# Vertical jigging, what is your reel/rod combo?



## Sea-r-cy (Oct 3, 2007)

I've been doing a bit of jigging for jacks this year with good results. I've used several reels/rods I already own, none are really designed for jigging. I'm ready to buy a dedicated reel/rod combo, and need some input.
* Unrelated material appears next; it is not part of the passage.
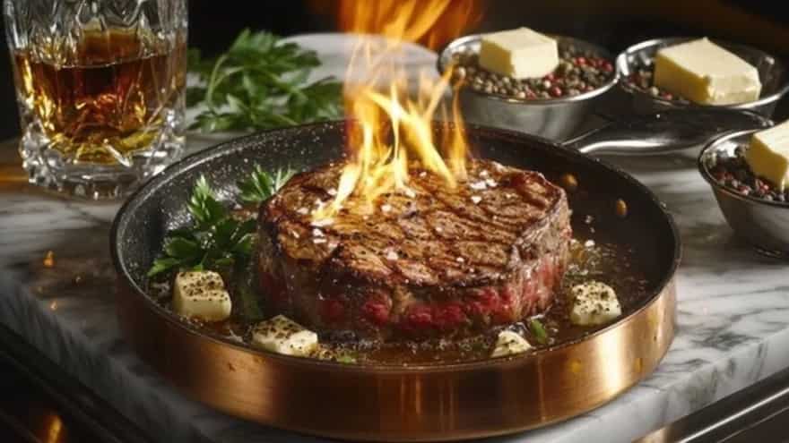 1. Brandy-Flambéed Pan-Seared Steak

What do you have that you like or don't like?:bowdown

Sea-r-cy


----------



## Chris V (Oct 18, 2007)

I like/liked the Shimano Trevalas, Star Stellarlite jig rods, Daiwa Saltiga, Lamiglas Tropic Pro and a couple others I've used.

I did not like the Okuma cedros as much but it was still a decent rod, Have heard some bad things about the Van Staal jig rods as well as the Bass pro jig rods so i would advise you stay away from them.

As far as reels, I won't dare start that debate again.


----------



## lobsterman (Sep 30, 2007)

How much do you want to spend on combo? Rod and reel?


----------



## true-king (Oct 2, 2007)

I have a torium 20 on one of the trevala "F" rods with 80# power pro.


----------



## evacuee (Oct 16, 2007)

Two Shimanos: Torium 30 with trevala F and a Tekota 700 with a Key Largo. (lots of mullah!)


----------



## jjam (Dec 9, 2007)

Just bought a jigging set up at Outcast Sale and love it so far..

TYRNOS12 by Shimano with 80# Braid / mounted on a Trevela Jigging Rod 5'8" Braided 65 -200lbs Action MediumFast

I jigged up a 39" Bull Red this past Tues and a few undersize Aj's with no problems. The combo held up great and with 5:0 - 1 ratio gaining line was much easier than my Penn 7500 Combo.Penn 7500 on a Pro Slammer Rodis what I used to usebefore my recent purchase.

Good luck! There's many to choose from.

Jimmy


----------



## Private Pilot (Oct 3, 2007)

I have the Shimano Spheros 18K/trevala combo with 65lb powerpro. I like it.


----------



## BigFishKB (Oct 1, 2007)

I have 4 trevalla rods. Two with penn torque reels and two spinning with shimano spheros reels. I have all spooled with braid from 50 to 80 # power pro.


----------



## First Catch (Oct 1, 2007)

Would you prefer spinning or conventional, and what's your price range?


----------



## Sea-r-cy (Oct 3, 2007)

Ihave useda Penn 7500 with 40# Power Pro, a Penn Torque 200 with 80# Power Pro, and an old rod with a Penn 310 reel and 40# mono. 

All work sorta good, I want to buy astate of the art rig. Budget? Hopefully not more than $500 or so. :hotsun But who's counting?

Sea-r-cy


----------



## dailysaw (Jan 22, 2008)

penn torque 200 spooled with 65 powerpro. on a evolution jig n stick. xxh 80-200. i love this combo. my next go to combo would be my Torium 20 or 30. same line and rods.


----------



## true-king (Oct 2, 2007)

> *jjam (3/13/2009)*TYRNOS12 by Shimano with 80# Braid / mounted on a Trevela Jigging Rod 5'8" Braided 65 -200lbs Action MediumFast


I've been looking at those tyrnos 12's online. They seem perfect, they have a nice narrow spool and can crank out 33 pounds of drag. I do have two of the tyrnos 30's which I like very much.


----------



## sail7seas (Oct 2, 2007)

i have the tyrnos 12 with trevala (forget which one) with 65# power proand it has been great for jigging. got it last year at the outcast sale and it has held up so far.


----------